Helical Gear Rack

Helical gears tend to be the default choice in applications that are ideal for spur gears but have non-Helical Gear Rack parallel shafts. Also, they are utilized in applications that want high speeds or high loading. And regardless of the load or swiftness, they generally provide smoother, quieter operation than spur gears.
Rack and pinion is useful to convert rotational motion to linear movement. A rack is straight tooth cut into one surface of rectangular or cylindrical rod formed materials, and a pinion can be a small cylindrical equipment meshing with the rack. There are plenty of ways to categorize gears. If the relative placement of the gear shaft is used, a rack and pinion belongs to the parallel shaft type.

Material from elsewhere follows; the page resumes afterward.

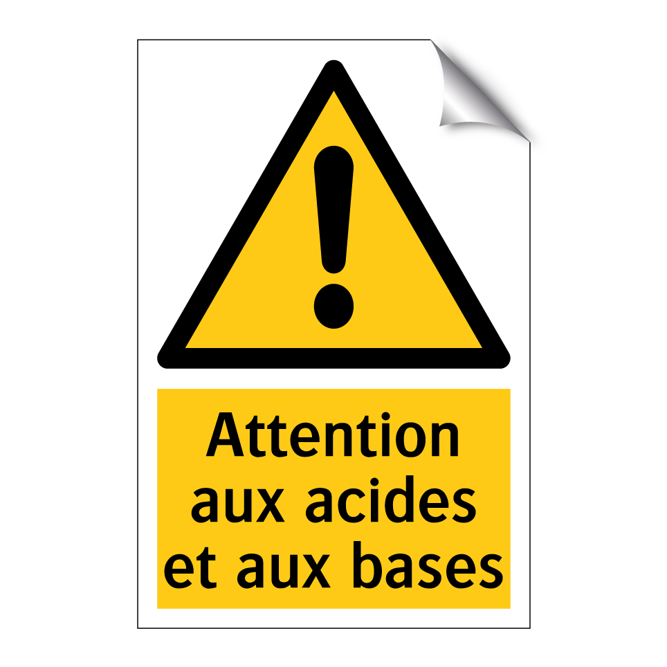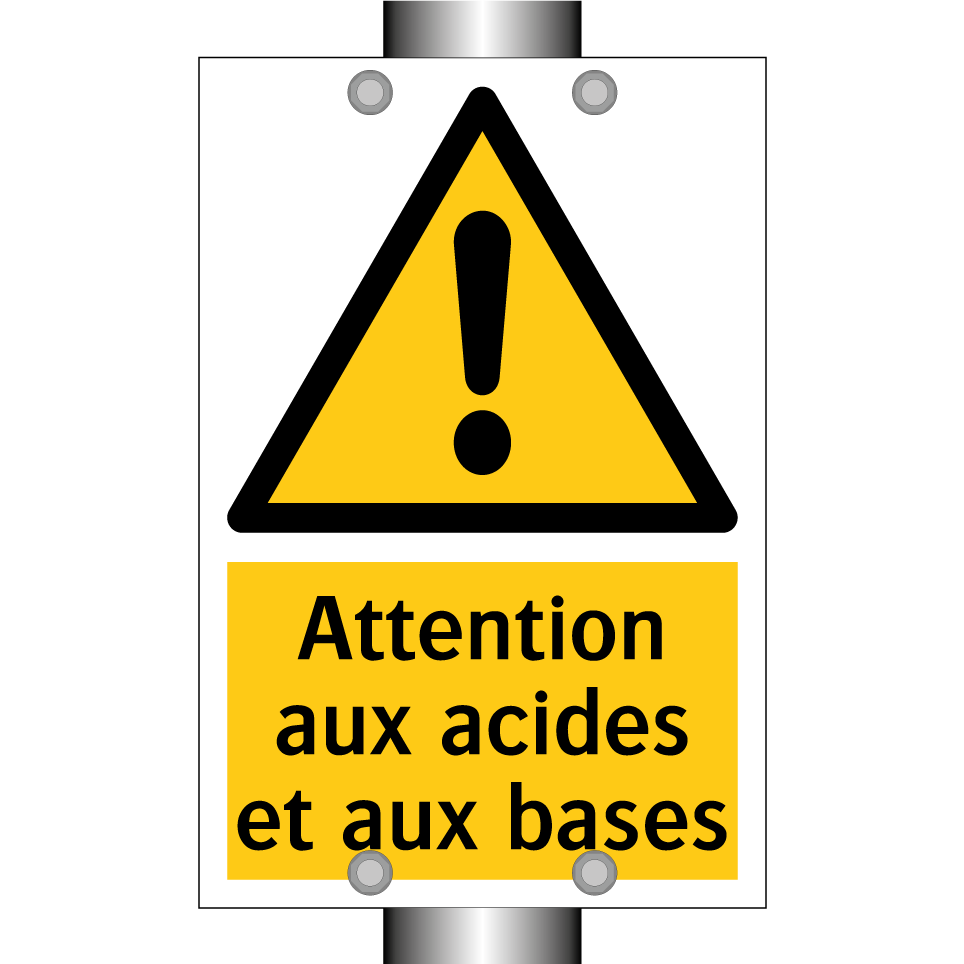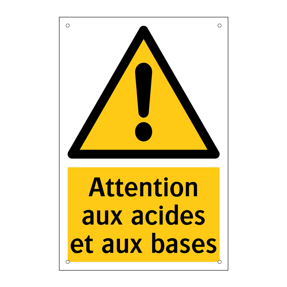 Panneau d'avertissement avec le texte : "Attention aux acides et aux bases"

I have a question regarding “pressuring” the Pinion in to the Rack to reduce backlash. I have read that the larger the diameter of the pinion equipment, the less likely it will “jam” or “stick into the rack, but the trade off may be the gear ratio increase. Also, the 20 degree pressure rack is better than the 14.5 degree pressure rack because of this use. However, I can’t find any info on “pressuring “helical racks.
Originally, and mostly due to the weight of our gantry, we’d decided on bigger 34 frame motors, spinning in 25:1 gear boxes, with a 18T / 1.50” diameter “Helical Gear” pinion riding upon a 26mm (1.02”) face width rack because given by Atlanta Drive. For the record, the engine plate is certainly bolted to two THK Linear rails with dual cars on each rail (yes, I know….overkill). I what after that planning on pushing up on the electric motor plate with either an Atmosphere ram or a gas shock.
Do / should / can we still “pressure drive” the pinion up right into a Helical rack to help expand reduce the Backlash, and in doing this, what will be a good starting force pressure.
Would the use of a gas pressure shock(s) are efficiently as an Air ram? I like the thought of two smaller power gas shocks that equal the total pressure required as a redundant back-up system. I would rather not run the air lines, and pressure regulators.
If the thought of pressuring the rack isn’t acceptable, would a “version” of a turn buckle type device that would be machined to the same size and form of the gas shock/air ram work to adapt the pinion placement into the rack (still using the slides)?

But the inclined angle of one’s teeth also causes sliding contact between your teeth, which produces axial forces and heat, decreasing performance. These axial forces perform a significant role in bearing selection for helical gears. Because the bearings have to withstand both radial and axial forces, helical gears require thrust or roller bearings, which are usually larger (and more costly) than the simple bearings used with spur gears. The axial forces vary in proportion to the magnitude of the tangent of the helix angle. Although bigger helix angles provide higher quickness and smoother motion, the helix position is typically limited to 45 degrees due to the creation of axial forces.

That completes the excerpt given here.